Over that time period, which essentially spans the entirety of Sundin's career, only two players scored more points: Jagr and Sakic, two of the greatest players in league history.
Comparing him to Brendan Shanahan, himself a worthy first-time candidate for induction, Sundin scored slightly fewer points (1349 vs. 1354), but did so in 178 fewer games. In only one season did Sundin fail to break 60 points when he played at least 50 games, and that was his rookie season, whereas Shanahan failed to do so in six seasons.
Another attack on Sundin's candidacy would be his major failing: never delivering a Stanley Cup to the city of Toronto. This is troublesome because many people (wrongly) require a player to win a Stanley Cup to be admitted to the Hall of Fame. However, this is an antiquated notion that assumes one player can single-handedly win a championship, which simply isn't possible.
Sundin's inability to win a Stanley Cup was not due to a lack of effort, either. He scored 82 points in 91 playoff games, slightly lower than his regular season point-per-game average, but a respectable amount. Of all skaters who played between 80 and 90 playoff games, Sundin has the eighth most points, just behind Cam Neely.
Plus, if winning truly is a prerequisite for induction look no further than Sundin's international resume, which counts as the Hall of Fame is not simply the NHL Hall of Fame. Sundin won a gold medal at the 2006 Turin Olympics, notching 8 points in 8 games, and over the years added three gold medals at the World Championship. He was Sweden's captain for close to a decade, and scored 83 points in 65 games in senior international competition.

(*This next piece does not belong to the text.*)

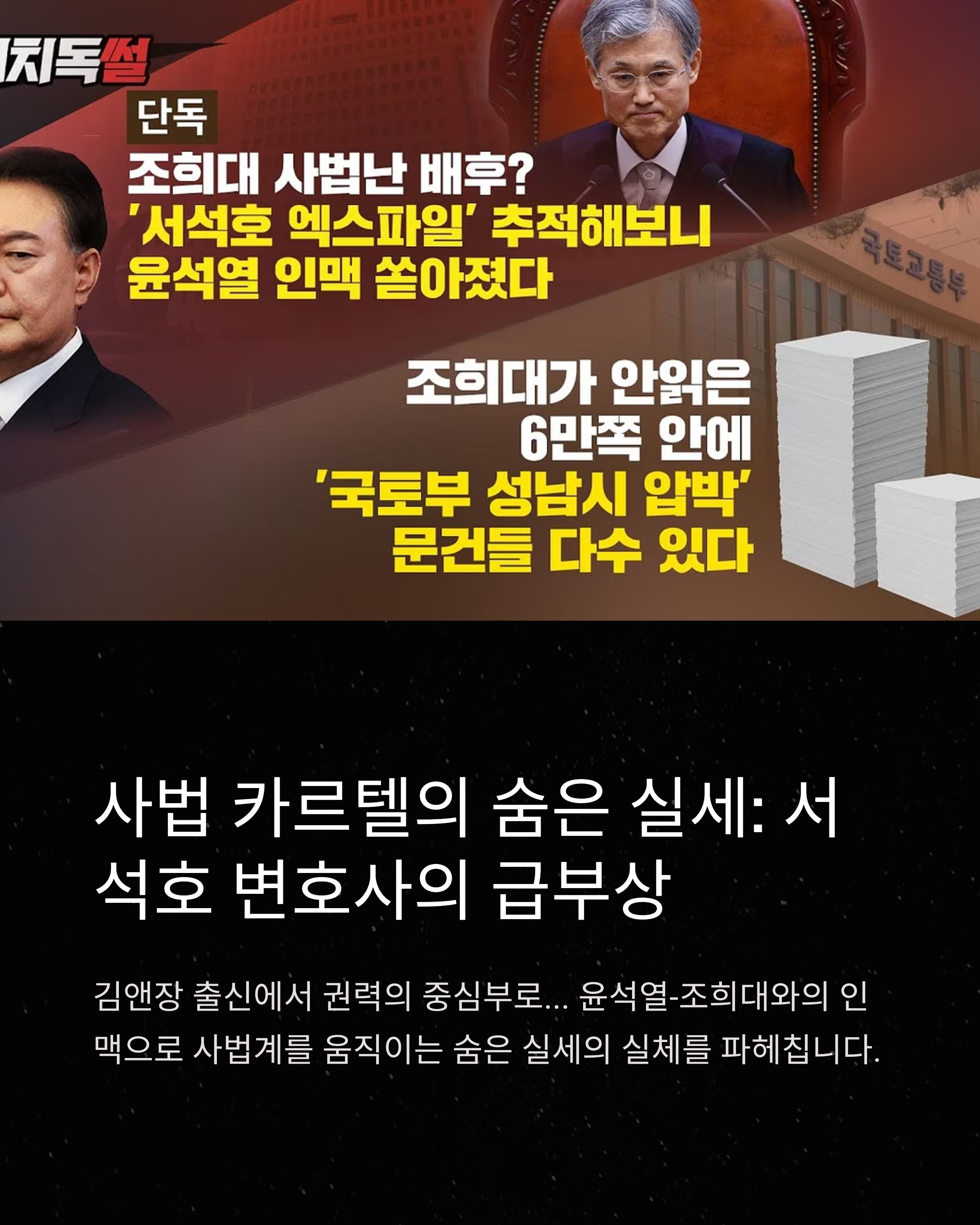 서석호 변호사가 급부상한 배경에는 ‘사법 카르텔’이라는 단어가 있습니다. 검찰 출신 대통령, 동문 중심의 대법원, 전관계 거물 로펌 출신 인사라는 점이 하나의 서사로 얽히며 대중의 의심을 키운 것이죠.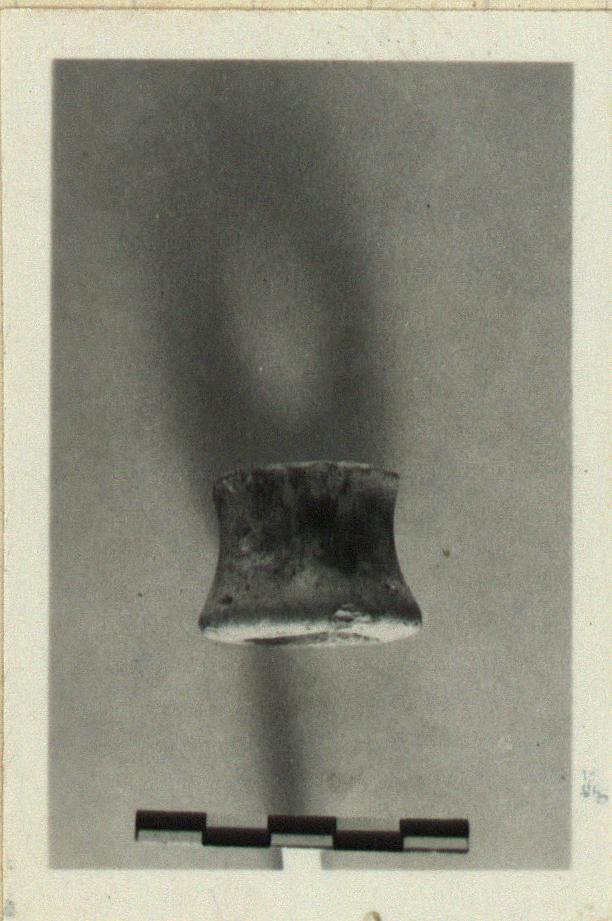 | Description: | High concave sides, flaring below. Traces of thin glaze, spilled on(?). Heavy fabric, pale grenish to pinkish buff clay. Pot stand? Cf. MC 201. | |

The body of work Sundin accumulated over his NHL career makes him more than worthy for the Hall of Fame. However, with both Joe Sakic and Brendan Shanahan virtual locks to enter this year, Sundin will have to battle a slew of other players that have waited longer for only two remaining spots. There is a case for both Pavel Bure and Eric Lindros, which means Sundin might just have to be the next in a long line of eventual Hall of Famers that had to bide their time before getting the call.